7 DECEMBER 1929, Page 29

Victorian Childhood

Daguerreotypes. By Ada Wallas. (George Allen and Unwin. as.) Tars charming picture of Victorian childhood is true, and will give to those for whom it stirs the waters of memory a heartfelt satisfaction, a sense that the honour of a beloved generation so often aspersed is finding an avenger.

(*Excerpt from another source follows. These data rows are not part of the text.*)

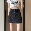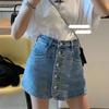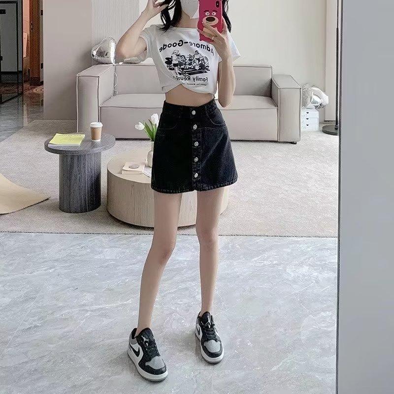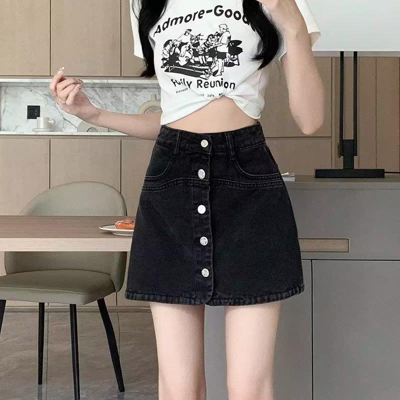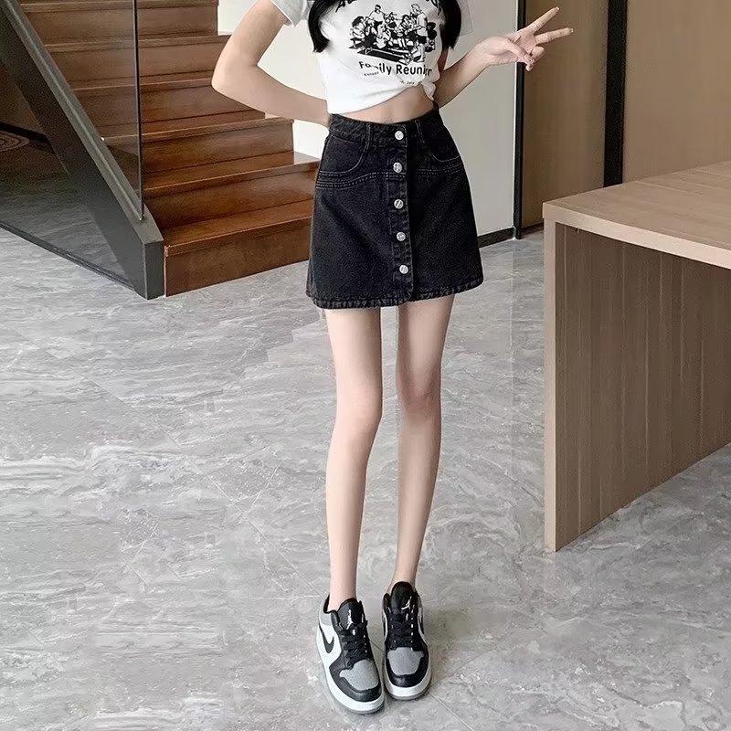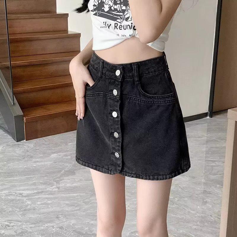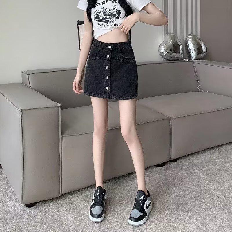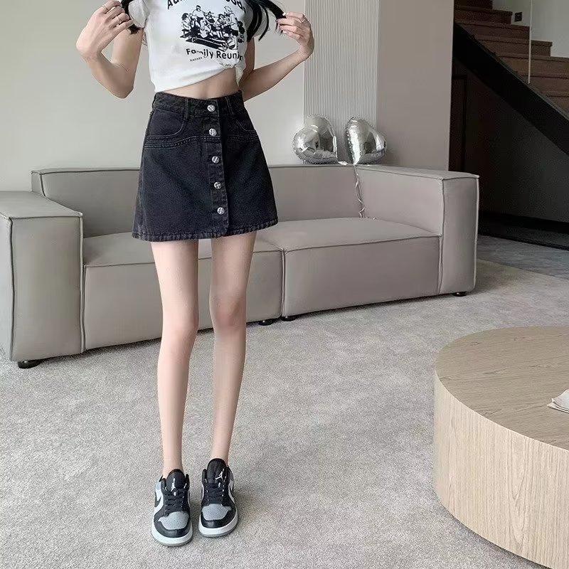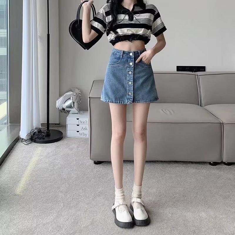 Falda corta de mezclilla de verano 2024 a prueba de exposición para mujer, pantalón falda de cintura alta, corte slim, estilo ins, holgada, con botones, falda acampanada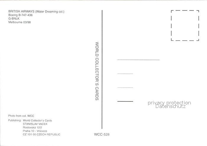 Flugzeuge Zivil British Airways Water Dreaming colours Boeing 747-436 G-BNLK postalisch nicht gelaufen Erhaltung siehe scans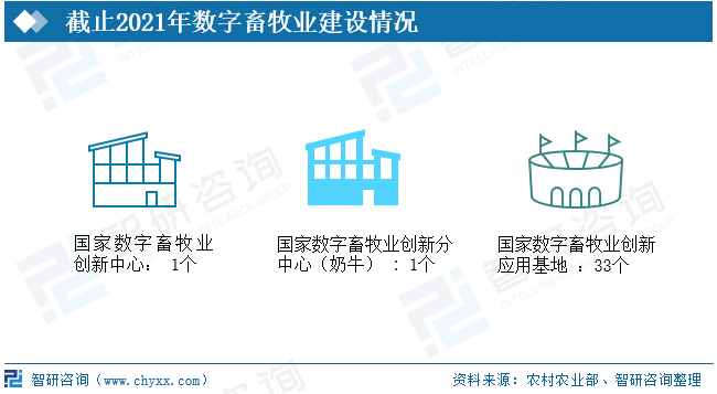在政策的支持下,截至2021年底,已建設(shè)1個(gè)國(guó)家數(shù)字畜牧業(yè)創(chuàng)新中心、1個(gè)國(guó)家數(shù)字畜牧業(yè)創(chuàng)新分中心(奶牛)、33個(gè)國(guó)家數(shù)字畜牧業(yè)創(chuàng)新應(yīng)用基地(其中支持內(nèi)蒙古自治區(qū)1個(gè)),創(chuàng)新中心與應(yīng)用基地的建設(shè)可為智慧養(yǎng)殖的發(fā)展開展前沿性技術(shù)的研發(fā),開展相關(guān)技術(shù)產(chǎn)品集成應(yīng)用、熟化、示范推廣等。
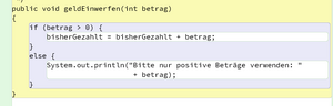 - Methodenaufrufanweisung: Führt eine Methode aus. Beispiel: System.out.println("Hallo!");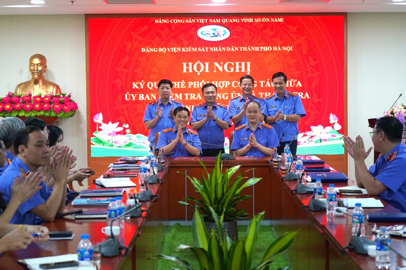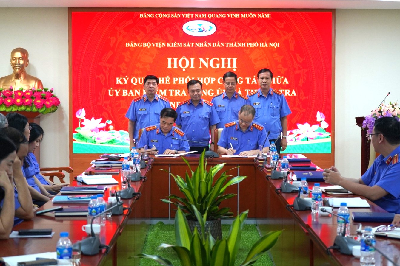 Dưới sự chứng kiến của đồng chí Đào Thịnh Cường - Thành ủy viên, Bí thư Đảng ủy, Viện trưởng Viện KSND thành phố Hà Nội; Ban Thường vụ Đảng ủy và Lãnh đạo Viện KSND thành phố Hà Nội, đồng chí Nguyễn Thành Thủy - Phó Chủ nhiệm UBKT Đảng ủy và đồng chí Nguyễn Nhật Thư - Chánh Thanh tra Viện KSND thành phố Hà Nội cùng ký vào bản Quy chế phối hợp công tác giữa hai đơn vị./.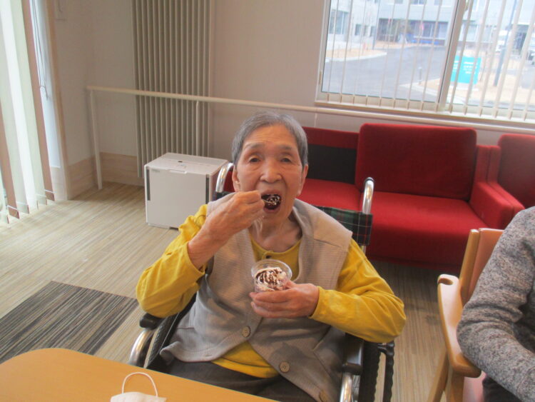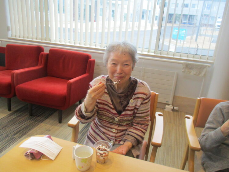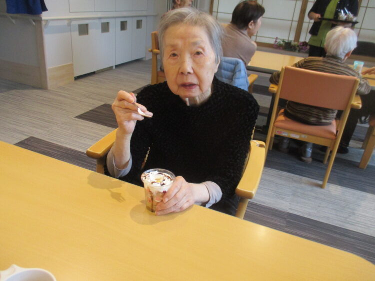 バウムクーヘンにホイップクリームやチョコソースを載せてミニパフェを提供しました。皆様「とても美味しいです」と話されておりました。

Mrs. Wallas introduces us to typical parents of the 'eighties belonging to what was then called " the cultivated." They were not harsh nor did their children pine in close nurseries or dull schoolrooms, in constant dread of punishments temporal or eternal. Intimacy between the two generations was not perfect. Will it ever be ? But at least the Victorians " put up with " their children, their noise and their nonsense, more readily than many parents do now. Preparatory schools, for children of nursery age, whose phenomenal successes depend upon the motherly instincts of lady-matrons, did not then stand thick and ever thicker upon the ground, and Mrs. Jellaby was a figure of scorn, not " a woman of wide interests." True, there was less racket all the year round in the children's quarters, than there is now in holiday times all over the house, but there is more racket everywhere, in the streets, in the country roads, in shops and offices. It is the age of noise, and children are quite as sensitive as their parents to the influence of the time spirit.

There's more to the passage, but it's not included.